▸ **Task to complete**:
In the entries below, begin at the line that has "Na obrázku jsou", stop after the line that has "单位:元 (4)汇总成本计算单 单位:元", and output those lines exactly with no pictures.

Provided records section start

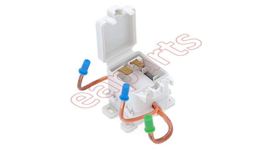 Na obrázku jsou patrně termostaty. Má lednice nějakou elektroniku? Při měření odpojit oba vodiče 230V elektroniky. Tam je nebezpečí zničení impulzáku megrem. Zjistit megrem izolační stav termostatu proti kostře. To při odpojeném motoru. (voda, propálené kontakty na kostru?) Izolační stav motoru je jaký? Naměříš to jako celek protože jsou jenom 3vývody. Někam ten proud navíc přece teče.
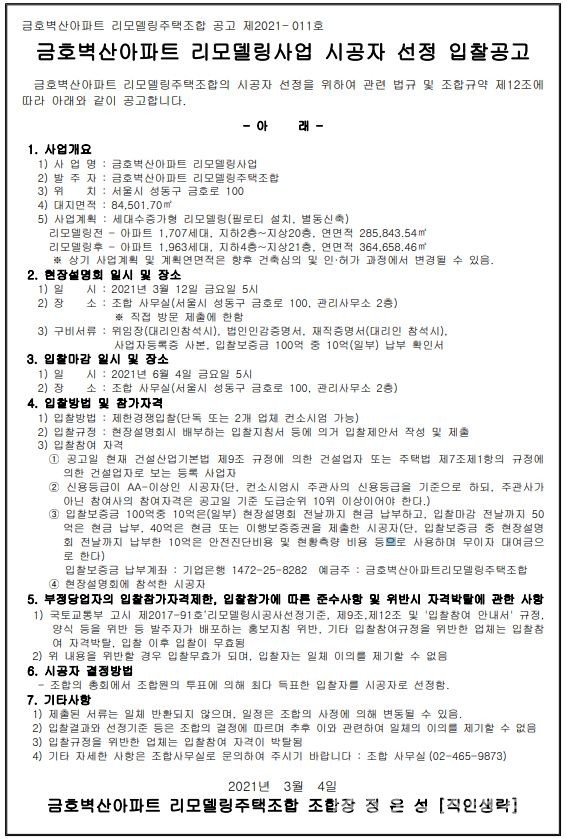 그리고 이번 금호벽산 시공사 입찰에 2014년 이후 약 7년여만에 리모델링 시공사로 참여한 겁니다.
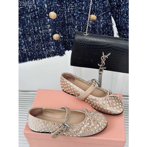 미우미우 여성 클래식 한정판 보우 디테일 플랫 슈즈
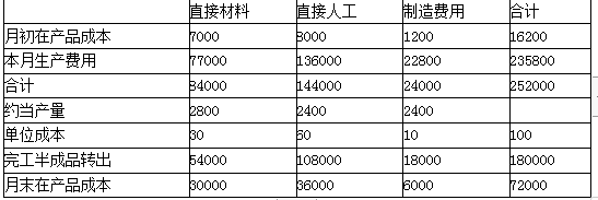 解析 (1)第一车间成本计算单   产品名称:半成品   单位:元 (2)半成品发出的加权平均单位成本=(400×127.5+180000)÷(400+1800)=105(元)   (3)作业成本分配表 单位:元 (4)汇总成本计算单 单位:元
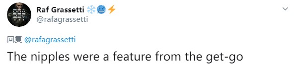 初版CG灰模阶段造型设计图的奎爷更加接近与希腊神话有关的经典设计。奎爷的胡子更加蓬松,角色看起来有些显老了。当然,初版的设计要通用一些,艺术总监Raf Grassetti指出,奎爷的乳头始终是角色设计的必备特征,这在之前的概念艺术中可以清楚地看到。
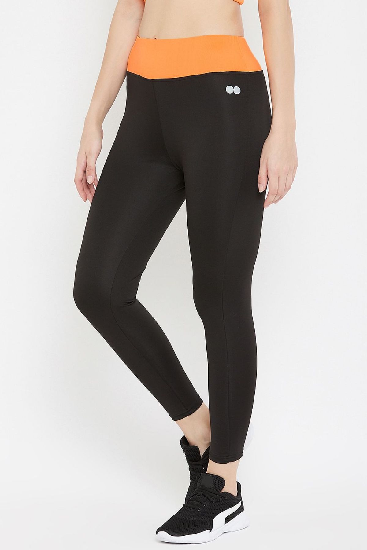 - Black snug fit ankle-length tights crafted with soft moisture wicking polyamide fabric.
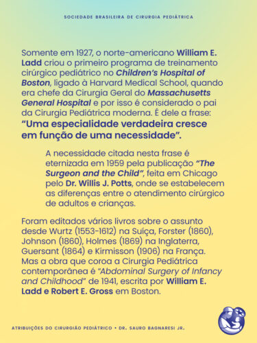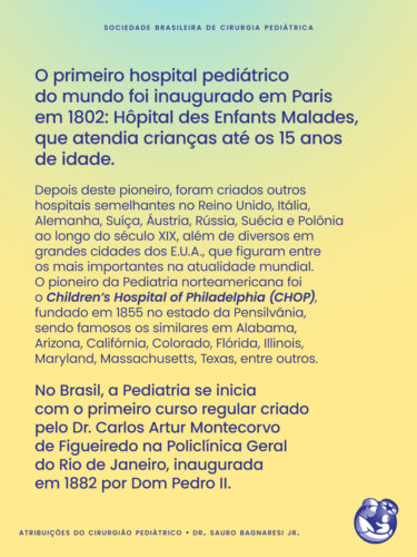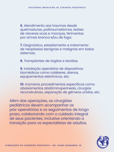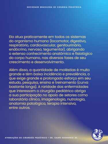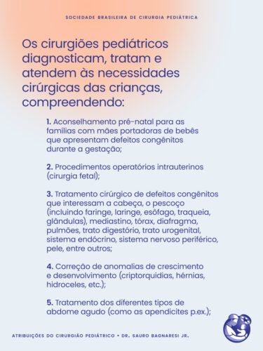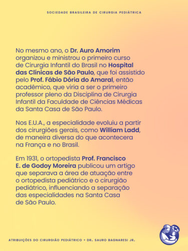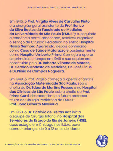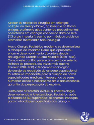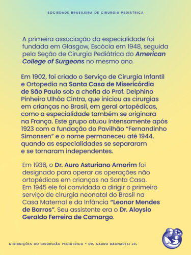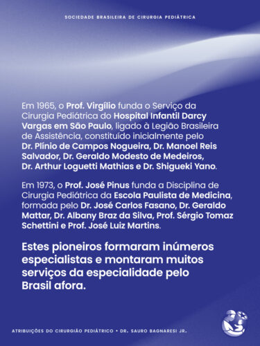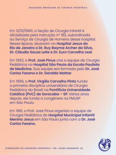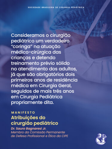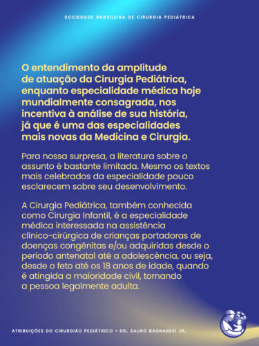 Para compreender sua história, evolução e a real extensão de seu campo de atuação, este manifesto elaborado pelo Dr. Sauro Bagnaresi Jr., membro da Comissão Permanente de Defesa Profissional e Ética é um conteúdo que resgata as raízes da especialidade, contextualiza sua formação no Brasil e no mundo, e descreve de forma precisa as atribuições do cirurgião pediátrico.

Provided records section end
Provided records section start

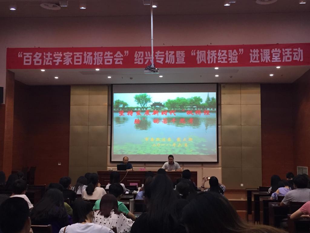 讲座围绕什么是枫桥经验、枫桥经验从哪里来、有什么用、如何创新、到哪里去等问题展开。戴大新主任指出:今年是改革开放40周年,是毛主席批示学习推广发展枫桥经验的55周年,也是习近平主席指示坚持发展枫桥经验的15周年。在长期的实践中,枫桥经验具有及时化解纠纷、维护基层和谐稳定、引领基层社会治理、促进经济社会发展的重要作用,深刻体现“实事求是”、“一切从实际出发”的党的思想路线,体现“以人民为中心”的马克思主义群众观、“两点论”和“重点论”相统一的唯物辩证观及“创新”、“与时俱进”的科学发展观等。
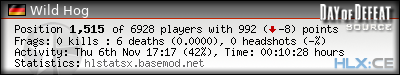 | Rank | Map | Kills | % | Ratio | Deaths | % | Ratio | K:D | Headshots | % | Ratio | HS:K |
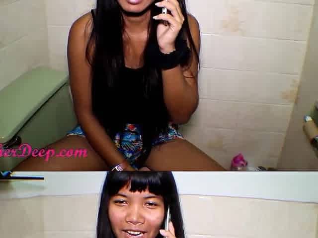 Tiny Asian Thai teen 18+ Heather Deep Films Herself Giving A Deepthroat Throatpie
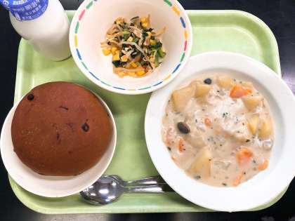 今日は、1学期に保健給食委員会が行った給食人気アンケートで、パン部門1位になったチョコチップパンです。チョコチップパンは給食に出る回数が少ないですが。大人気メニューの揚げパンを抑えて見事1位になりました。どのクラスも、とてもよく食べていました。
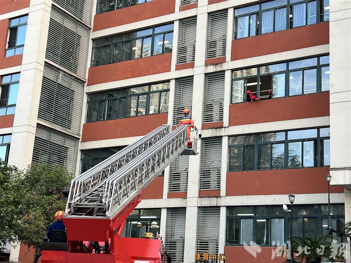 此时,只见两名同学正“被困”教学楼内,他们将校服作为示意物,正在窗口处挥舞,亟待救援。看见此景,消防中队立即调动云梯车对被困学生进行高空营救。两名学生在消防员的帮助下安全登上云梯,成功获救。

Provided records section end

▸ **Task answer**:
 Na obrázku jsou patrně termostaty. Má lednice nějakou elektroniku? Při měření odpojit oba vodiče 230V elektroniky. Tam je nebezpečí zničení impulzáku megrem. Zjistit megrem izolační stav termostatu proti kostře. To při odpojeném motoru. (voda, propálené kontakty na kostru?) Izolační stav motoru je jaký? Naměříš to jako celek protože jsou jenom 3vývody. Někam ten proud navíc přece teče.
 그리고 이번 금호벽산 시공사 입찰에 2014년 이후 약 7년여만에 리모델링 시공사로 참여한 겁니다.
 미우미우 여성 클래식 한정판 보우 디테일 플랫 슈즈
 解析 (1)第一车间成本计算单   产品名称:半成品   单位:元 (2)半成品发出的加权平均单位成本=(400×127.5+180000)÷(400+1800)=105(元)   (3)作业成本分配表 单位:元 (4)汇总成本计算单 单位:元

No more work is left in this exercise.